The First Amendment will once again take center stage at the Supreme Court on Wednesday as the justices hear oral arguments in a challenge to a Texas law that requires age verification for porn sites.
Free Speech Coalition, a trade association for the adult entertainment industry, argues that the law tramples over First Amendment rights by chilling the ability of adults to access sexually explicit material. The law, the group argues, includes no protections to ensure that adults aren’t outed in the verification process.
The real goal of the law, asserted Mike Stabile, a spokesperson for the Free Speech Coalition, is to put the porn industry out of business.
Texas, which enacted the law in 2023, counters that is has an interest in protecting minors from accessing online smut.
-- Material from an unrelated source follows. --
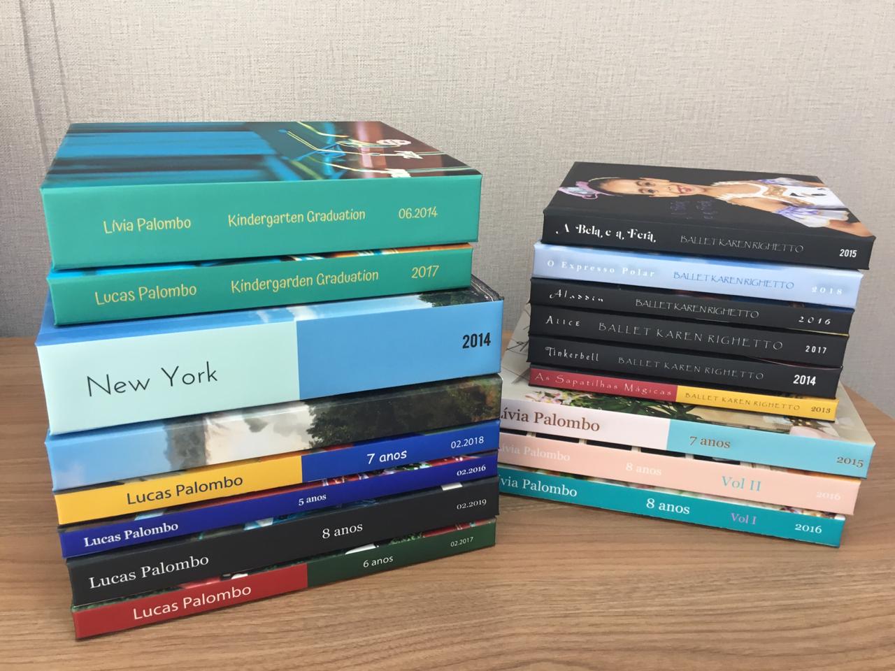 Nossa querida cliente, Flávia, nos escolheu para desenvolver um grande projeto: o sonho de eternizar 22 álbuns, com temas que vão desde aniversários e formaturas, até apresentações de danças e viagens.

And, the state says, adults can use third-party age verification sites to limit the risk of exposing their private online activities.
“No one has a constitutional right to view ‘teen bondage gangbang’ videos, much less hundreds of thousands of them,” Texas said in a brief last year.
The case is on appeal from the New Orleans-based 5th US Circuit Court of Appeals, which sided with the state on age verification and overruled a federal district court order that blocked implementation of the law. The Supreme Court, in April, allowed the state to temporary enforce the law while the appeal was considered. There were no noted dissents.
It is the second major First Amendment case to be argued at the Supreme Court this month. On Friday, the court heard a challenge to the federal government’s ban on TikTok.